In Eqs. (2) and (3), [F] is the number of subject category and publication year combinations in which the group (in case of Eq. (2)) and the world (in case of Eq. (3)) publish. The equalized group sample proportion has the following undesirable property: it treats g as if the average number of mentioned publications does not vary between the subject categories.

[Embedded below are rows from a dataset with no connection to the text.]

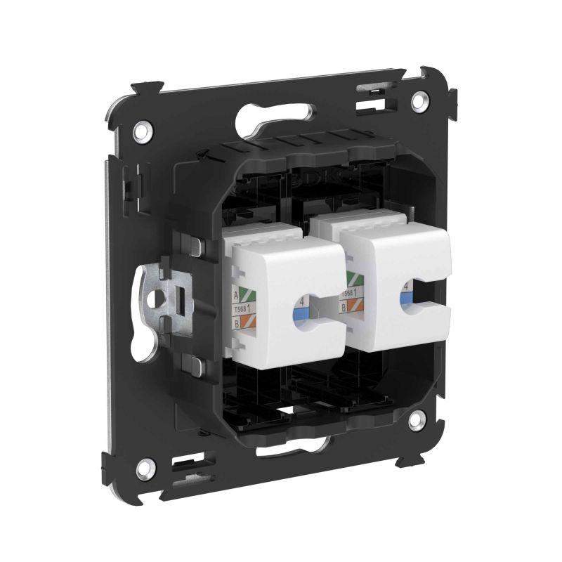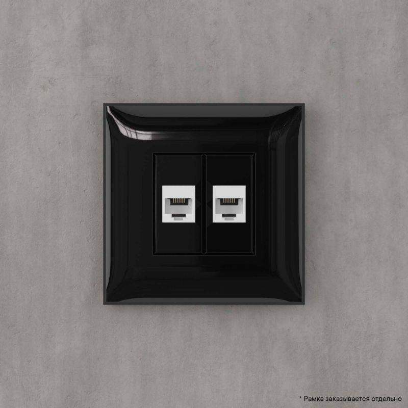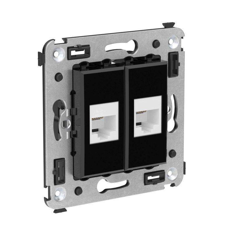 Телефонная розетка RJ-12 двойная без шторки используется для коммутации линий телефонной связи в патч-панелях или для связи телефонных аппаратов с розеткой. Предназначена для скрытого монтажа в стену, поставляется в комплекте с суппортом. Материал – металл, термопласт. Пластиковые детали электроустановочного изделия имеют цвет "Черный квадрат".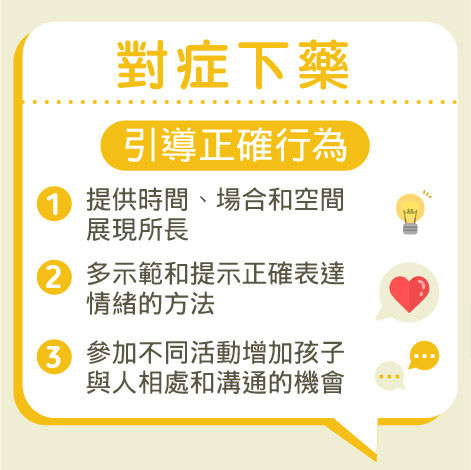 父母在處理孩子的不當行為時,要保持冷靜和堅定的態度,引導他們在適當的場合做適合的行為,例如:在課室要遵守規則、專心上堂;乘搭公共交通工具時要安靜,及不可以走來走去等,讓他們明白在不適當的場合做一些標奇立異的行為是不禮貌的表現,並會給別人造成滋擾。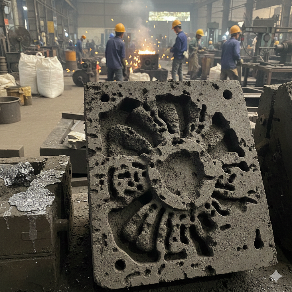 Trong tiêu chuẩn kiểm soát chất lượng đúc ISO 16400, rỗ cát được xếp vào nhóm “khuyết tật do vật liệu khuôn”, ảnh hưởng trực tiếp đến độ bền bề mặt sản phẩm.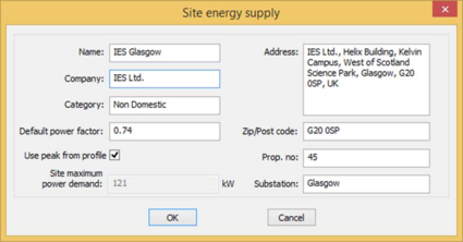 All these fields are only for display purposes with the exception of ‘Default power factor’ and ‘Site maximum power demand’, used for computing.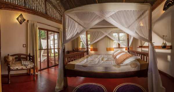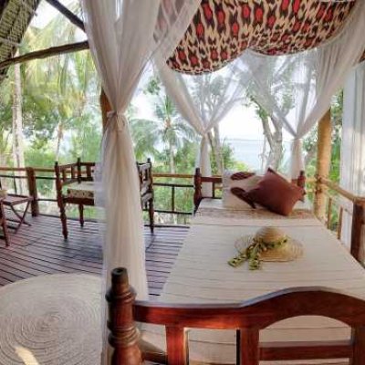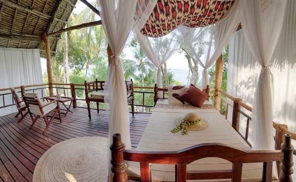 Бунгало площадью 60 м2. Расположен среди кокосовых пальм с видом на залив. Состоит из спальни, ванной комнаты и веранды, на которой находятся занзибарские кровати, стулья, столы и кресла.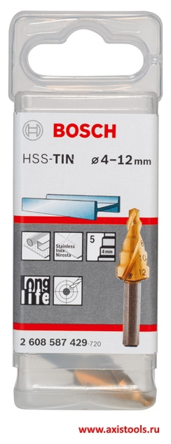 Ступенчатое сверло HSS-TiN 4-12 мм 5 ступеней (2 608 587 429, 2608587429, 2.608.587.429)

The ratio of both equalized sample proportions (group and world) is the EMNPC:

$${\text{EMNPC}} = \hat{p}_{g} /\hat{p}_{w}$$

(4)

According to Bailey (1987) and Thelwall (2017a), CIs for the EMNPC can be calculated:

$${\text{EMNPC}}_{L} = \exp \left( {\ln \left( {\frac{{\hat{p}_{g} }}{{\hat{p}_{w} }}} \right) - 1.96\sqrt {\frac{{(n_{g} - \hat{p}_{g} n_{g} )/(\hat{p}_{g} n_{g} )}}{{n_{g} }} + \frac{{(n_{w} - \hat{p}_{w} n_{w} )/(\hat{p}_{w} n_{w} )}}{{n_{w} }}} } \right)$$

(5)

$${\text{EMNPC}}_{U} = \exp \left( {\ln \left( {\frac{{\hat{p}_{g} }}{{\hat{p}_{w} }}} \right) + 1.96\sqrt {\frac{{(n_{g} - \hat{p}_{g} n_{g} )/(\hat{p}_{g} n_{g} )}}{{n_{g} }} + \frac{{(n_{w} - \hat{p}_{w} n_{w} )/(\hat{p}_{w} n_{w} )}}{{n_{w} }}} } \right)$$

(6)

In Eqs. (5) and (6), n_w is the total sample size of the world, and n_g is the total sample size of group g. However, according to Thelwall (2017a), these “confidence intervals seem to be only approximations, however, as they can differ from bootstrapping estimates” (p. 133).

Mean-based normalized proportion cited (MNPC)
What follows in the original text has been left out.